100 Million is still a lot of money for something that only searches
wikipedia.

With 100 million $ you could hire some of the brigthest engineers around the
world and build this in less in a year.

------
wumi
_PG: "sell"_

<http://news.ycombinator.com/item?id=186487>

congrats @KirinDave : <http://news.ycombinator.com/user?id=KirinDave>

------
prakash
46 days ago, I posted this: <http://news.ycombinator.com/item?id=186752>

------
schtog
At first I thought Powerset was nothing since it only searched Wikipedia and
the normal wikipedia search works fine.

However if you really use it the right way, asking questions of the type
"which tennisplayer beat andre agassi" which is an example I saw somewhere
then you see the power.

I am hardly an expert but I guess the problem is that the monetizeable part of
search is the easiest search, keyword search.

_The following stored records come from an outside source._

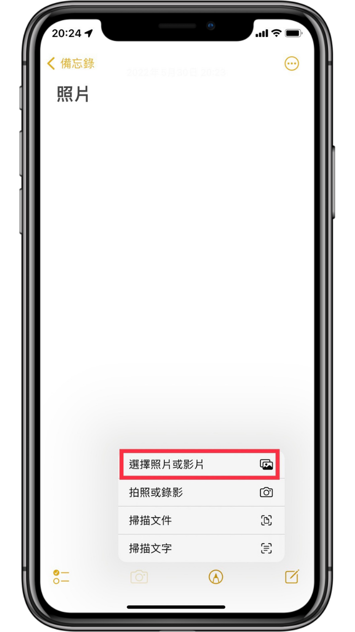 打開「備忘錄」APP -> 點擊右下角新增備忘錄,並且輸入標題 -> 點擊下方「相機」圖示 -> 點選「選擇照片或影片」-> 將所要隱藏的照片選起來,並且點擊右上角「加入」。
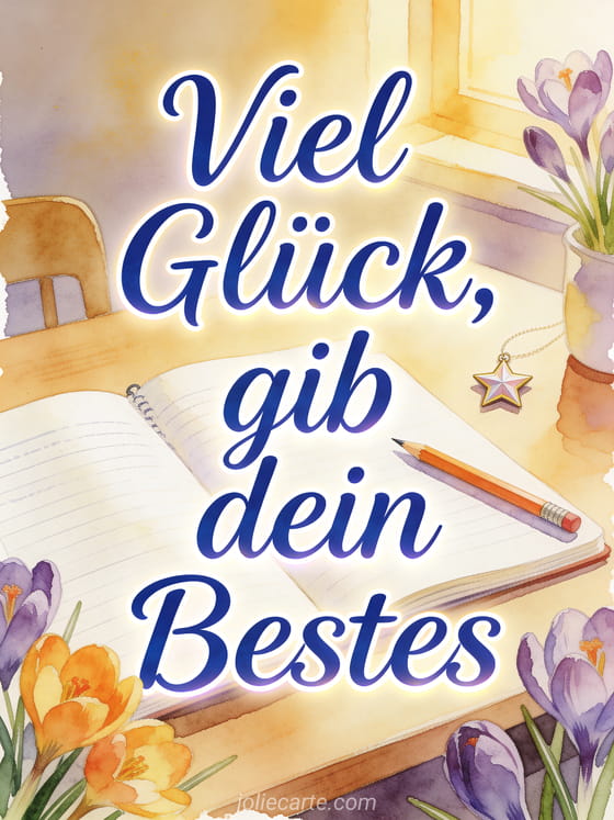 Wünsche viel Glück und ermutige jemanden, sein Bestes zu geben, mit einem ordentlichen Lerntisch, offenem Notizbuch, gespitztem Bleistift, Glücksstern und frischen Krokusblüten. Teile diese ermutigende Karte und entdecke auch Viel-Glück-Nachricht für einen neuen Job, viel Glück animiertes GIF oder Viel Glück Bild GIF.
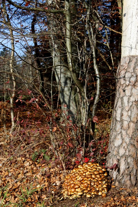 : Die Kiefer, an dem unser Pilz wächst, steht gleich neben vielen Buchen.

And beating Google there, well
good luck...

And the search that Powerset does so well isn't as easy to monetarize.

So as someone said, the best way for them to make money might be through
licensing.

I guess there wont be one form of search to rule them all(nor have there ever
been) but many different ways of search coexisting and cooperating.

One thing I wonder is, is the scalability a money-issue, ie can they buy
truckloads of servers and index the whole web with their technique or could
their algorhitms simply be too complex to scale, ie NP-complete(
<http://en.wikipedia.org/wiki/Computational_complexity> ,
<http://en.wikipedia.org/wiki/NP-complete> )?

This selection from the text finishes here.